Beziehungspflege ist aber kein 9-to-5-Job. Das stimmt. Persönlich bin ich 7x24 Stunden als Swisscom-Botschafter unterwegs. Viele Events finden am Abend statt, und es kommt immer wieder vor, dass ich potenzielle Kandidatinnen und Kandidaten anspreche, wenn ich unterwegs bin. Letzthin hatte ich ein superspannendes Gespräch in einer Bar und treffe die Person nächstens, um Möglichkeiten bei Swisscom zu besprechen.

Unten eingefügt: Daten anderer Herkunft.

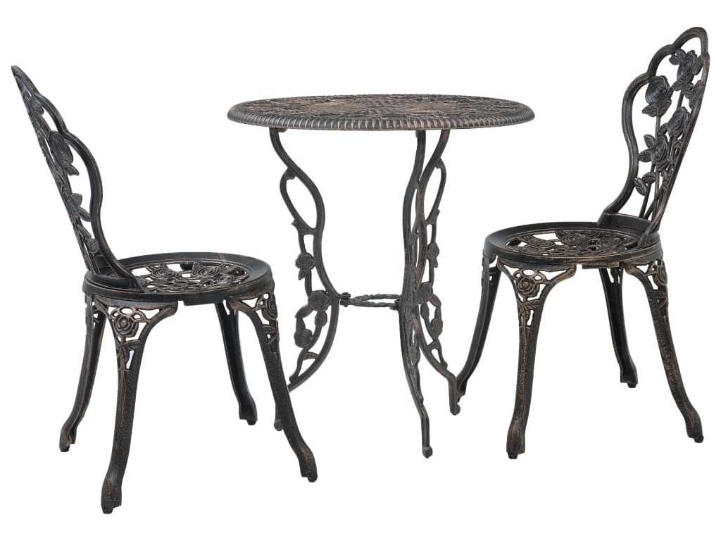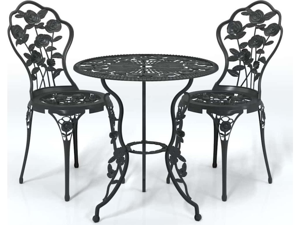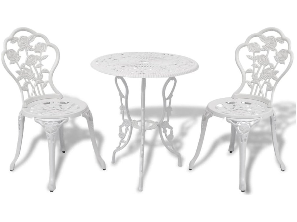 Tento bistro set z litého hliníku s elegantním designem tvoří 1 stolek a 2 židle. Postavte si ho na terasu nebo na balkon a užijte si stolování na čerstvém vzduchu. Uplatnit ho můžete také v komerčních barech a restauracích.

Lohntransparenz ist gerade bei Jüngeren ein grosses Thema. Davon ist in vielen Swisscom-Inseraten noch nicht viel zu sehen. Wir haben vor 2 Jahren als Pilot damit begonnen. Seitdem gibt es die Möglichkeit, die Löhne zu publizieren, aber es ist noch nicht Standard. Die Zahl soll von heute 20-30% der Inserate, wo dies angegeben wird, schnell wachsen. Bei Kandidatinnen und Kandidaten jedenfalls kommt die Lohntransparenz sehr gut an.

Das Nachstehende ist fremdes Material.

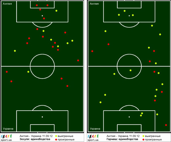 В свете кадровых изменений в составе украинской команды особый интерес вызывала оценка действий на своих позициях Зозули и Гармаша. Диаграмма выше отображает их эффективность в единоборствах. Кроме бросающегося в глаза общего баланса удачных действий у Гармаша, особо следует отметить результативность борьбы обоих в штрафной соперника и на подходах к ней.

Warum ist die Zahl dann so tief? Gibt es Bedenken, dass andere Arbeitgeber Ihre Löhne kennen? Nein, wir wissen ziemlich genau, was zum Beispiel Software-Entwickler bei anderen Firmen verdienen und das ist umgekehrt sicher auch so. Es gibt Bedenken, dass sich Kandidatinnen und Kandidaten nicht bewerben, weil das angegebene Lohnband zu tief oder zu hoch ist. Und das Lohnthema gehört schlussendlich immer noch zu den Themen, die intern und extern mit einer gewissen Zurückhaltung transparent diskutiert werden.

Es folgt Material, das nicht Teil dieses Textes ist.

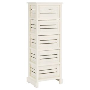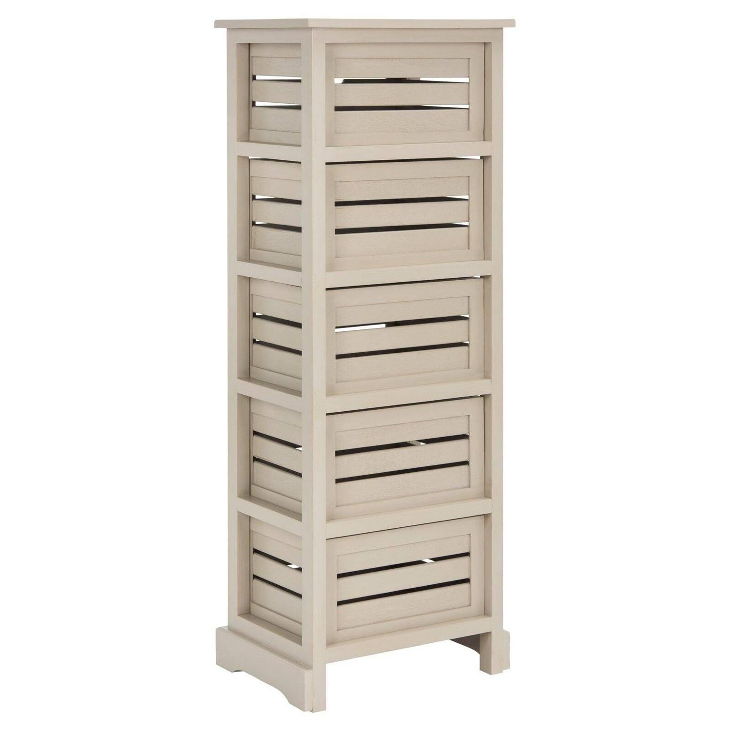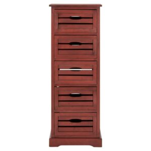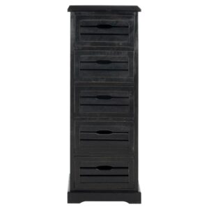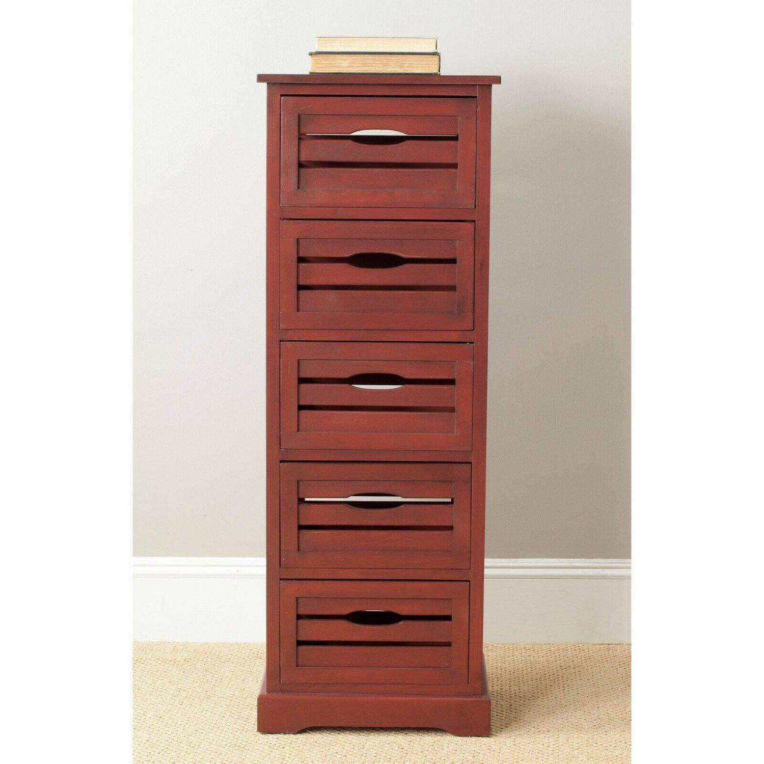 SAFAVIEH Sarina 5-Drawer Cabinet Vintage Grey The classic lingerie chest is treated to a coastal makeover with the Sarina Cabinet. Crafted of pine in a distressed cream finish, the British Colonial frame is updated with open handles on its five slatted drawers inspired by old fashioned fruit crates.

Wenn Sie die Löhne im Marktumfeld kennen, wo in der Tabelle ordnen Sie die Swisscom-Löhne ein? Wir bezahlen marktkonforme Löhne. Der Lohn ist ein wichtiges, aber lange nicht das einzige Argument. Wir können mit vielen anderen Punkten auftrumpfen, die bei Spezialisten attraktiv sind. Wenn der Lohn stimmt, sind andere Aspekte wie spannende Projekte, die Möglichkeit, etwas bewegen und sich dabei weiterentwickeln zu können oder die Kultur oft entscheidender. Unsere Erfahrung zeigt: Das Gesamt-Package zählt.
Was sind die grössten Herausforderungen beim Recruiting bei Swisscom? Wir investieren viel Zeit in die Prozessgeschwindigkeit zwischen HR und den Bereichen. Gesuchte Spezialistinnen und Spezialisten erwarten sehr schnelle Rückmeldungen und Interviews, sonst haben sie schon anderweitig eine neue Stelle gefunden. Ein Hebel ist, dass wir zum Beispiel noch mehr aus den bestehenden Netzwerken rekrutieren. In meiner Wahrnehmung verlieren wir noch etwas zu viel Zeit, wenn es darum geht, potenzielle Kandidatinnen und Kandidaten für Swisscom zu gewinnen, wenn die Stellen nicht "formell" offen und ausgeschrieben sind.